My "position" is that the label Biocentrism may not apply to Robert Lanza's 
theory.  I raise the question because several here have read Lanza (a 
bio-physicist) and mistakenly assumed he is postulating Life as the creator 
of the universe.  (I guess I saw "What's in a word?" as complementary to 
"The Word is not the Thing."

> I regard Biocentrism a new SOMish convulsion, now from the idealist
> camp? Emerson however sees the futility of SOM: The objective world
> that it postulates that the subject will find the workings (laws) of is
> contained in the subject's mind". But I suspect you Ham to cite this in
> support of your system, i.e. that (Emerson's) "The Highest" is
> something akin to the your  ...whatever you call it.

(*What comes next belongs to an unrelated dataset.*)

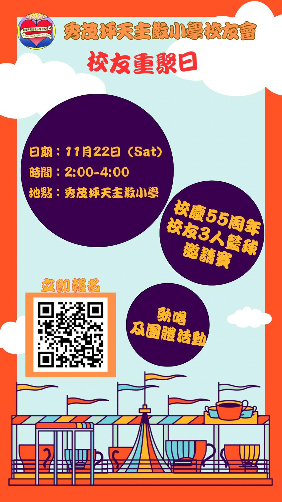 每年的十月,都會舉行校友重聚日,透過重聚日與老師、同學分享在小學時的點滴,同時分享新生活中的開心與困難。在不同年齡的校友一起活動、 聊天中,相互把秀天的精神傳承下去。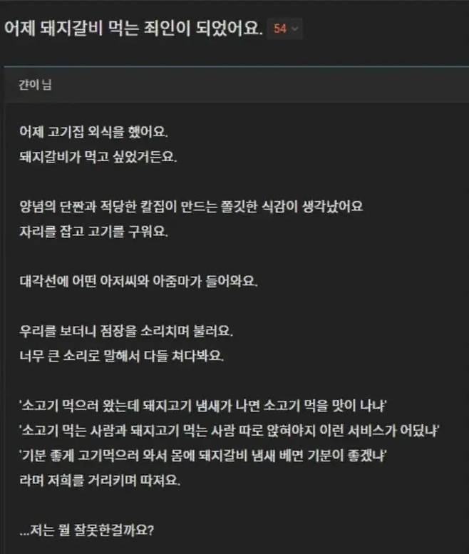 옆에서 저기봐 평소엔 소고기도 못먹는사람인가봐

Essence is the word you're looking for, Bo, although I don't refer to it as 
The Highest.  Emerson (the poet) was a transcendentalist who believed in the 
unity of the universe with the soul of man.  His philosophy thus bordered on 
Panthesim, but with an affinity for the intuitive thought of Spinoza and 
Kant.  He understood life as a "process" in which the individual is free to 
develop "self-reliance", a virtue that he envisioned as a kind of stoic 
authenticity.  Although he disliked contradictions, I doubt that Emerson 
gave any thought to what you call "SOM".

[Ham, quoting Lanza]:
> "Space and time, not proteins and neurons, hold the answer to the problem
> of consciousness.  When we consider the nerve impulses entering the brain,
> we realize that they are not woven together automatically, any more than
> the information is inside a computer."

[Bo]:
> "Space and time" ... why not "causation" and we have Kant's about the
> subjective filters that order the objective "impulses entering the brain"
> (the thing in itself) and "weaves them together" into patterns that
> constitutes "the thing for us". This is regarded as the the final word on
> the mind/matter conundrum that began with the empiricists,  and
> everything since has been footnotes to Kant. Lanza obviously thinks
> he has said something profound, but it looks like old tea in new cups.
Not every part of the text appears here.